El 22 de diciembre de 1989 tuve un sueño que nunca olvidé.

Tenía yo 8 años y terminaba ese día cuarto grado de la primaria. Las celebraciones por el
fin del curso lectivo, que en Buenos Aires suelen ser en estas fechas, se extendieron hasta
tarde en mi casa, y fue milagroso alcanzar esa atmósfera de alegría traída en parte por la
lluvia que nos hizo descansar un poco del calor del verano y por el olvido transitorio de
todos de la complicada situación económica que vivíamos los argentinos en esos días.

Tarde cerré los ojos y pronto comencé a soñar. Sin darme cuenta pasé de estar buscando
una posición cómoda en mi cama a encontrarme admirando la belleza de lo que para mí no
podía ser otra cosa que un palacio; altísimo, un tanto frío y lleno de recovecos brillantes y
misteriosos.

Afuera crecían hermosas plantas y árboles típicos de las zonas donde la tierra es árida. Y
adentro también, también crecían árboles o al menos eso parecían: altas columnas que
culminaban en inmensas ramificaciones de las que colgaban hojas de todos los colores.

En mi sueño yo era ágil y valiente, y en la travesura de querer saber qué habría mas allá,
trepaba y saltaba de rama en rama, de un lado al otro, viendo cómo eran esas hojas de
colores.

Una de ellas llamó mi atención, me acerqué y vi que no era una hoja sino un libro. Lo tomé
en mis manos y al querer abrirlo para ver qué contenía un ruido retumbante me despertó.
En la esquina de la casa un hombre que pasaba en coche chocó contra un sauce que
estaba plantado en la acera, justo en la esquina, al realizar una mala maniobra y el golpe
fue tan fuerte que el árbol cayó en medio de la calle y ahí se quedó, muriendo bajo la lluvia
de aquel verano.

Nunca más volví a soñar con ese palacio ni ese libro. Pero por alguna misteriosa razón de
vez en cuando volvía a pensar en él.

Con los años me mudé a la Ciudad de México y en uno de los tantos paseos que solía
hacer para descubrir la ciudad tuve una revelación.

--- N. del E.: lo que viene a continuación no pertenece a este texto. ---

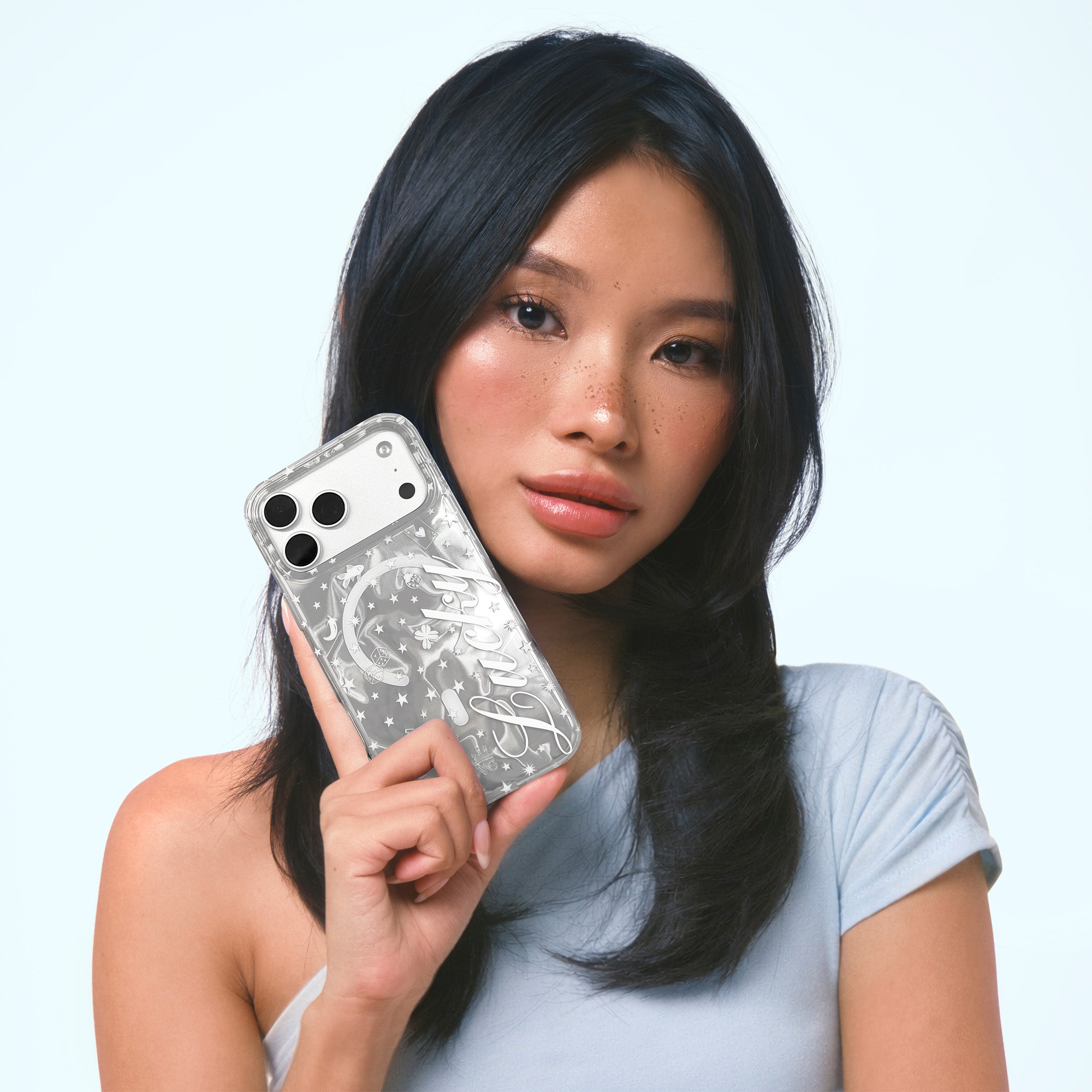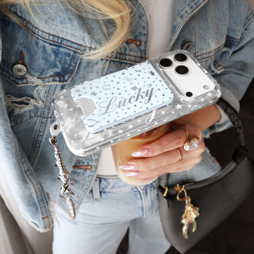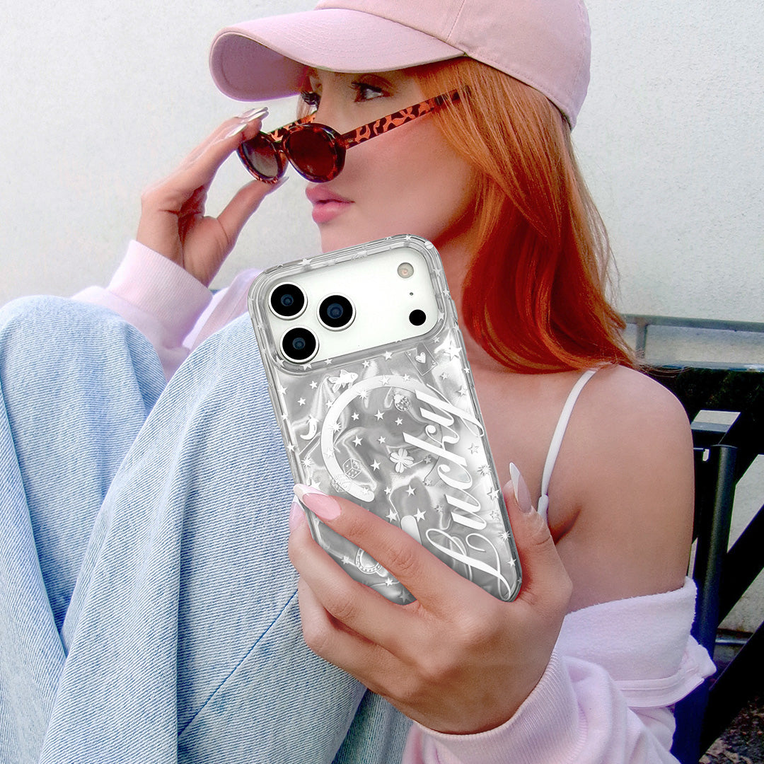 Lucky Girl! This stunning MagSafe phone case features 'Lucky' in white script along with white stars, ladybugs, dice, and more on a silver base with a holographic wave effect throughout.
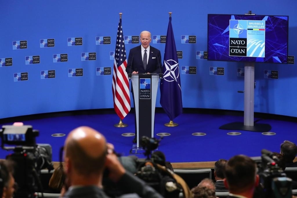 ?2022年3月24日,美國總統(tǒng)拜登在比利時布魯塞爾的北約總部出席北約特別峰會后的新聞發(fā)布會。新華社記者鄭煥松攝
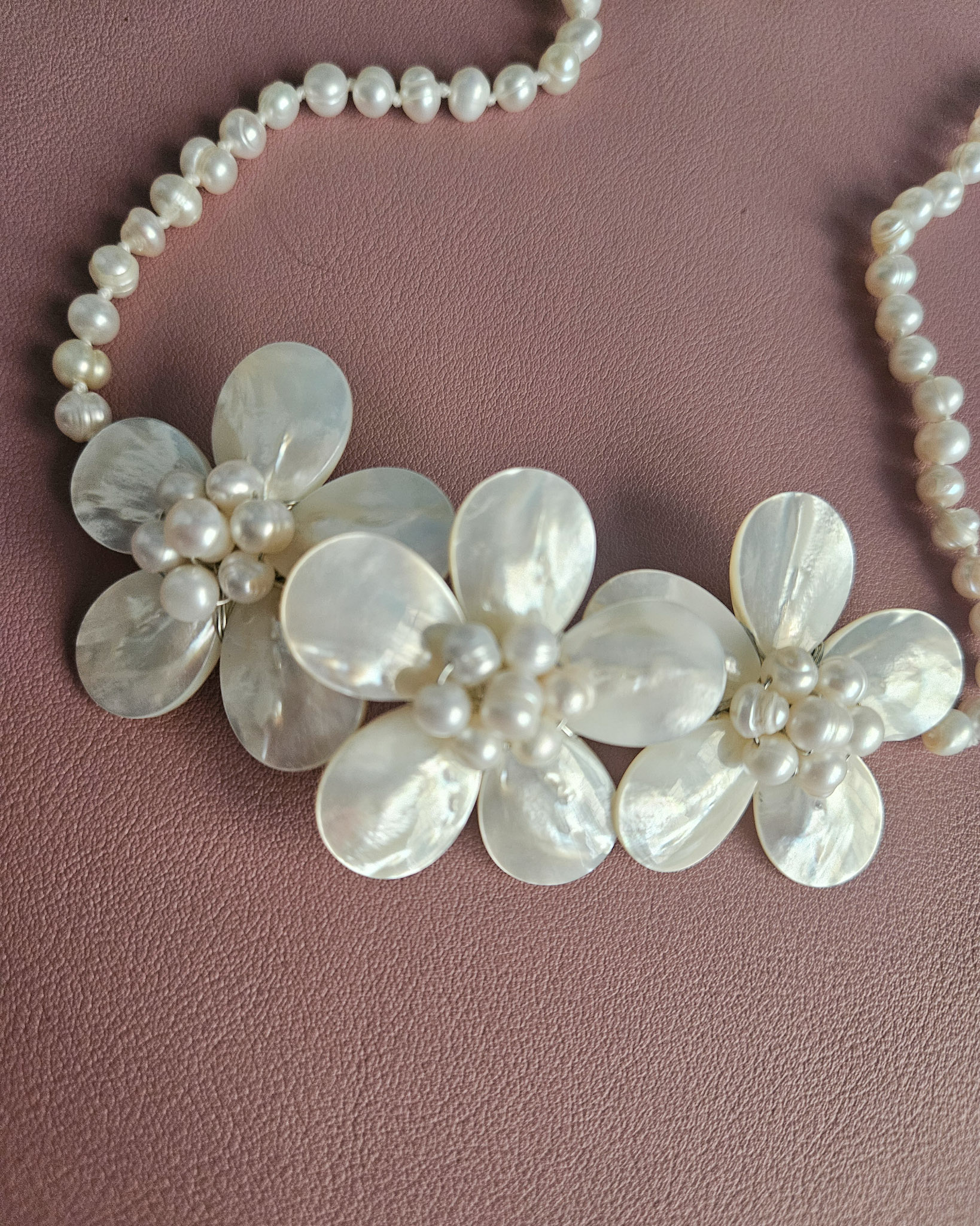 Pearl Necklace with Mother of Pearl Flowers
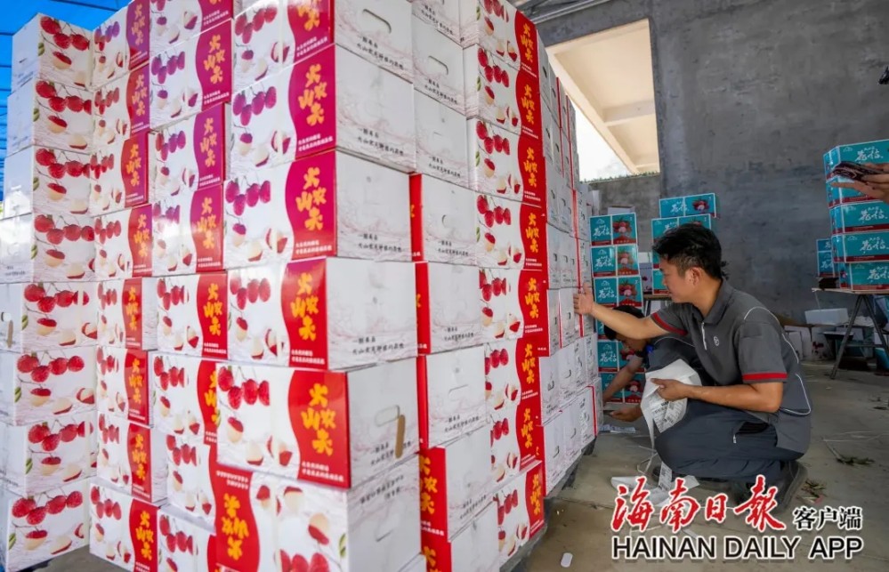 在??谑行阌^(qū)永興鎮(zhèn)的一處荔枝分揀點(diǎn),物流工作人員貼上快遞單。海南日?qǐng)?bào)全媒體記者李天平 攝

Al entrar a la biblioteca Vasconcelos volví de inmediato a mi sueño de 1989. Todo era tal
cual lo había soñado, las columnas, las ramas y los libros, cientos de libros suspendidos en
el aire.
No tuve que pensar en nada, solo dejarme llevar, subir peldaño tras peldaño hasta la parte
más alta de la biblioteca donde como en mi sueño encontraría el libro.

Y allí estaba. Pude leer en la portada que era una antología de poesía china traducida al
inglés. Lo abrí, y al hojearlo me encontré con una carta escrita a mano firmada por Samuel
Beckett el 22 de diciembre de 1989.

Aquí la copio tal cual fue escrita.


“Los lunes deben ser un fracaso, deben ser días para encontrarse con la penosa realidad
de la existencia, para experimentar que lo que viene después de apoyar los pies en el suelo
al salir de la cama va a ser seguro un tropezón o un golpe de cabeza contra la pared.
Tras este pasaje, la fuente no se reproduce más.